◆ Stored data ◆
»»
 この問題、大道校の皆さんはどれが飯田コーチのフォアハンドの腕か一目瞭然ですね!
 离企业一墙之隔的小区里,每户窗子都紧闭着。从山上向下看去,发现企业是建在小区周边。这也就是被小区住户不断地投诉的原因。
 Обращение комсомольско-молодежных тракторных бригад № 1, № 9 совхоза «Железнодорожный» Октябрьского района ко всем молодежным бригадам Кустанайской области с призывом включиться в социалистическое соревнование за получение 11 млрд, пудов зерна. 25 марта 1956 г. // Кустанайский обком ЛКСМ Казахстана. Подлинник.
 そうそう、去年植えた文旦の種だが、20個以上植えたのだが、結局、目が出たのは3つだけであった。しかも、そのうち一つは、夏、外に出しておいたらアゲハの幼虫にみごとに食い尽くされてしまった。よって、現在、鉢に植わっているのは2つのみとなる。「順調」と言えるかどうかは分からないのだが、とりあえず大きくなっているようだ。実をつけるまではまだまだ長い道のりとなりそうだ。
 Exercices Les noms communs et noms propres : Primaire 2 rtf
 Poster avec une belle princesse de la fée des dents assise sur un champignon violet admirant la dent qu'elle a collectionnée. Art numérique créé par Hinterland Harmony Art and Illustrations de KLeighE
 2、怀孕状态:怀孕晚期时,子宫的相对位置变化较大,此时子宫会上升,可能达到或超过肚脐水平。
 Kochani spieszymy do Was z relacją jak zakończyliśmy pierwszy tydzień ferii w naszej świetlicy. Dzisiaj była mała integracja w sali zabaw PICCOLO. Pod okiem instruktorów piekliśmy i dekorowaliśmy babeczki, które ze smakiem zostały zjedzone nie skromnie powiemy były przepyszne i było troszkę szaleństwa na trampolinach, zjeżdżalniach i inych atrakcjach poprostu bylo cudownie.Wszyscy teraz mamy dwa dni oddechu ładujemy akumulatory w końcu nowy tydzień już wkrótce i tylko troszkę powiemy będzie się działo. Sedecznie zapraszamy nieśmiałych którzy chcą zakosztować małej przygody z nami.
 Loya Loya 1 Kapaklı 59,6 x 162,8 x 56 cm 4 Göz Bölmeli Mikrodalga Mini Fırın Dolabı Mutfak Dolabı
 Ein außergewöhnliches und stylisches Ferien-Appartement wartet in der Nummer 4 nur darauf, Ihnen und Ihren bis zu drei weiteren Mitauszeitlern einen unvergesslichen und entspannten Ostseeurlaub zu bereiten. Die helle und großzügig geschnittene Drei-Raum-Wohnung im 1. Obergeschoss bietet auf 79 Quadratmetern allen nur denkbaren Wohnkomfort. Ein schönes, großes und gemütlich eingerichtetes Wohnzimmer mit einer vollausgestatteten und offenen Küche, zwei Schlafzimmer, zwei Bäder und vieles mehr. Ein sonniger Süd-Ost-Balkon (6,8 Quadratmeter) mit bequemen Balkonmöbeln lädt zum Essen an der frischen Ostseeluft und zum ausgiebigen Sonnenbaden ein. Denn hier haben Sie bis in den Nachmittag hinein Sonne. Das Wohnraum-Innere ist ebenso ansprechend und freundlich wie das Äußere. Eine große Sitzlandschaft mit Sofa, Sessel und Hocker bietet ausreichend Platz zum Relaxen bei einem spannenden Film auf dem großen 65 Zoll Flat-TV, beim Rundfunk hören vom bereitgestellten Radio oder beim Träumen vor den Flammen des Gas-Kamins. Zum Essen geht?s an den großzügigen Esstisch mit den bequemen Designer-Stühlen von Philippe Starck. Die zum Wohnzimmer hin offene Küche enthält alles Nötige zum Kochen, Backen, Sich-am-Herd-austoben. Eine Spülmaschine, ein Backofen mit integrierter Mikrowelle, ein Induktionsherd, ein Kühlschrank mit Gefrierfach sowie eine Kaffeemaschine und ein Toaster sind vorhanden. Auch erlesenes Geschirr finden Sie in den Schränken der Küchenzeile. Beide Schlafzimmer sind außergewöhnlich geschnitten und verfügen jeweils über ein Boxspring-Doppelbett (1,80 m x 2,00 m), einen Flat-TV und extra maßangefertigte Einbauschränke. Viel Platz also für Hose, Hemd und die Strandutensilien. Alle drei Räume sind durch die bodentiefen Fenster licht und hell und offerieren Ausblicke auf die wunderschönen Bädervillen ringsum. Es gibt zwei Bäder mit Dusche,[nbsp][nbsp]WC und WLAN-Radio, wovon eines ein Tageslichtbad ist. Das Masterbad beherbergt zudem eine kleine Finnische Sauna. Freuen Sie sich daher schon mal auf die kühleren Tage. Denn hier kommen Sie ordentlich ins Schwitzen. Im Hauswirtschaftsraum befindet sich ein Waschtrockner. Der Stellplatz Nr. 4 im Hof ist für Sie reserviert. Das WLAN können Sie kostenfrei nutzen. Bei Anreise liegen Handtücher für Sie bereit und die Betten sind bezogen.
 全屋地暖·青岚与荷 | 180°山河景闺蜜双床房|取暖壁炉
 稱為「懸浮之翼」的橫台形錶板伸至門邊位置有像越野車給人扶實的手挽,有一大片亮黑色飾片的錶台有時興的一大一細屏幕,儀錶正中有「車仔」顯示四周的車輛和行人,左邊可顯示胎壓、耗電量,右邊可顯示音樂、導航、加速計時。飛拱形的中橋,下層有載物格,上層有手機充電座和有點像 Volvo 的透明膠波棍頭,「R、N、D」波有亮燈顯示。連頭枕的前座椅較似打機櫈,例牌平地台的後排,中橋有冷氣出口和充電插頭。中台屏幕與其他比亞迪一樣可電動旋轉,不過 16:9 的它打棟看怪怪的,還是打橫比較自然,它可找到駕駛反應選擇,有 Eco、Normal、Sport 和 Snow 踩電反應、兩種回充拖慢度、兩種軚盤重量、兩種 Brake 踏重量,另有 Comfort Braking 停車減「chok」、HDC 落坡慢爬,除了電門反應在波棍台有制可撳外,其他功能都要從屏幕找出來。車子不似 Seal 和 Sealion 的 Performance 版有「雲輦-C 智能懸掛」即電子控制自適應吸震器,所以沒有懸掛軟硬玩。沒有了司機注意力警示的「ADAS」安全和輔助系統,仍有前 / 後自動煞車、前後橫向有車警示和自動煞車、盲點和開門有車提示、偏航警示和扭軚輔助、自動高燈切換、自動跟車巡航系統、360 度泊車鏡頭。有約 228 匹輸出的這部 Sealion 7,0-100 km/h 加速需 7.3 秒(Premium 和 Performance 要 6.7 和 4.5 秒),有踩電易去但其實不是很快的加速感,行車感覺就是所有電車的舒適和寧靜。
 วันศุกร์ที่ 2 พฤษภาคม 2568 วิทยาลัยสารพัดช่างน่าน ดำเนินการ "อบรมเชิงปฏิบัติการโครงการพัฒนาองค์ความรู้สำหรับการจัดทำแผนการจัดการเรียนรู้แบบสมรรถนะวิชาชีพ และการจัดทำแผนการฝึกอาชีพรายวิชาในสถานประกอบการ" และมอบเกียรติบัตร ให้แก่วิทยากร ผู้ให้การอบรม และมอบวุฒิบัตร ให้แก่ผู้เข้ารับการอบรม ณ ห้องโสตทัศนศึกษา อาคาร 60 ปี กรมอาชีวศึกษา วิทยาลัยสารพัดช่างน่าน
««
An exact, complete copy of the lines above from the one with "离企业一墙之隔的小区里,每户" through the one with "Loya Loya 1" is the whole answer.

◆ Response for this exercise ◆
 离企业一墙之隔的小区里,每户窗子都紧闭着。从山上向下看去,发现企业是建在小区周边。这也就是被小区住户不断地投诉的原因。
 Обращение комсомольско-молодежных тракторных бригад № 1, № 9 совхоза «Железнодорожный» Октябрьского района ко всем молодежным бригадам Кустанайской области с призывом включиться в социалистическое соревнование за получение 11 млрд, пудов зерна. 25 марта 1956 г. // Кустанайский обком ЛКСМ Казахстана. Подлинник.
 そうそう、去年植えた文旦の種だが、20個以上植えたのだが、結局、目が出たのは3つだけであった。しかも、そのうち一つは、夏、外に出しておいたらアゲハの幼虫にみごとに食い尽くされてしまった。よって、現在、鉢に植わっているのは2つのみとなる。「順調」と言えるかどうかは分からないのだが、とりあえず大きくなっているようだ。実をつけるまではまだまだ長い道のりとなりそうだ。
 Exercices Les noms communs et noms propres : Primaire 2 rtf
 Poster avec une belle princesse de la fée des dents assise sur un champignon violet admirant la dent qu'elle a collectionnée. Art numérique créé par Hinterland Harmony Art and Illustrations de KLeighE
 2、怀孕状态:怀孕晚期时,子宫的相对位置变化较大,此时子宫会上升,可能达到或超过肚脐水平。
 Kochani spieszymy do Was z relacją jak zakończyliśmy pierwszy tydzień ferii w naszej świetlicy. Dzisiaj była mała integracja w sali zabaw PICCOLO. Pod okiem instruktorów piekliśmy i dekorowaliśmy babeczki, które ze smakiem zostały zjedzone nie skromnie powiemy były przepyszne i było troszkę szaleństwa na trampolinach, zjeżdżalniach i inych atrakcjach poprostu bylo cudownie.Wszyscy teraz mamy dwa dni oddechu ładujemy akumulatory w końcu nowy tydzień już wkrótce i tylko troszkę powiemy będzie się działo. Sedecznie zapraszamy nieśmiałych którzy chcą zakosztować małej przygody z nami.
 Loya Loya 1 Kapaklı 59,6 x 162,8 x 56 cm 4 Göz Bölmeli Mikrodalga Mini Fırın Dolabı Mutfak Dolabı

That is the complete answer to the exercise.